Arthritis and Diabetes Flashcards
How can we improve the action of metal complexes?
Improvements can be made by using dual agents - e.g. vanadium and allixin can be complexed to allow vanadium to mimic insulin and allixin to counteract some side effects of diabetes.
What types of behaviour can discount a drug for use in the human body?
Hydrolysis and deactivation of the drug in short periods of time
How can we try to be as representative as possible in studies of drugs before clinical trials and animal testing?
Consider a range of conditions the drug may experience in the body and design experiments to simulate these conditions and see what happens.
Can you give a brief overview of HSAB theory?
Hard acids and hard bases like to bind (small non polarisable) and soft acids and soft bases like to bind (diffuse orbitals, polarisable).
How does vanadium work as a drug for diabetes?
Vanadium complexes work by mimicing insulin and binding at receptors. PTM involving phosphorylation to allow sugar to enter cell. Vanadate addition is irreversible, so sugar continues to enter the cell (blood sugar level drops?)

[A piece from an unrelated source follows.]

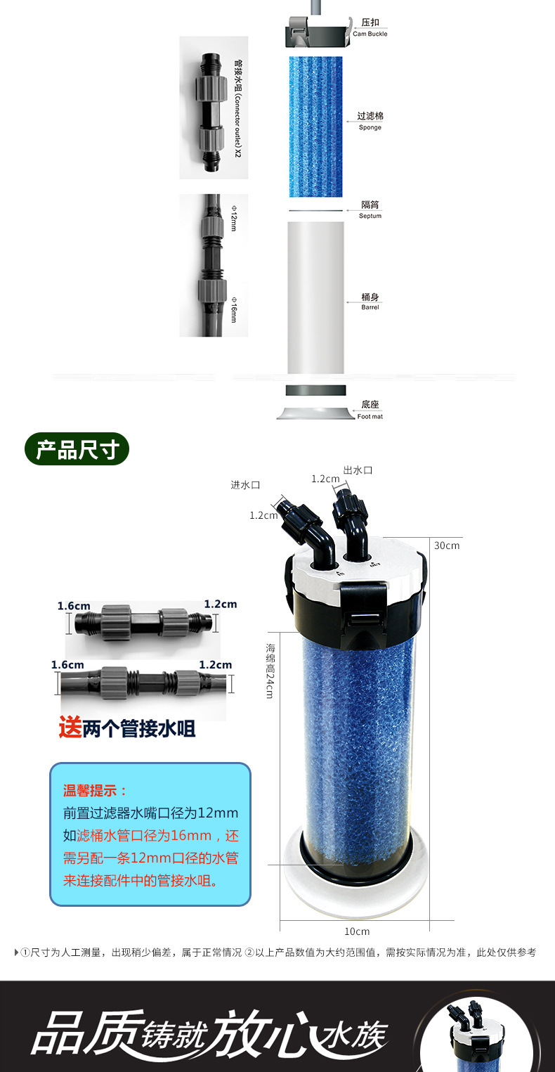 Chuangxing 사전 필터 배럴 QZ30 전원 어항 외부 필터 실린더 외부 필터 카트리지 DIY 수족관 사전 필터 배럴

How do metals travel through the body?
Metals bind to moving proteins in the blood, e.g. HSA, transferrin
What factors should we be considering when making new drugs?
Important to consider what species may be formed in the body (e.g. vanadium hydrolysis products in the stomach vs through the body)
What can make finding mechanistic detail about metals in medicine difficult?
Drugs can bind to many different places and it’s difficult to tell which interaction is responsible for what. Also made harder when therapeutic benefit is only seen over a longer period of time!
What activity does auranofin (drug for arthritis) show?
Travels through blood stream bound to HSA (proton NMR evidence + X-ray), binds to Kathepsin K enzyme preventing breakdown of collagen, binds to other proteins switching off TrxR and glutathione reductase, and substitutes for zinc in zinc fingers to modify structure and inhibit protein function.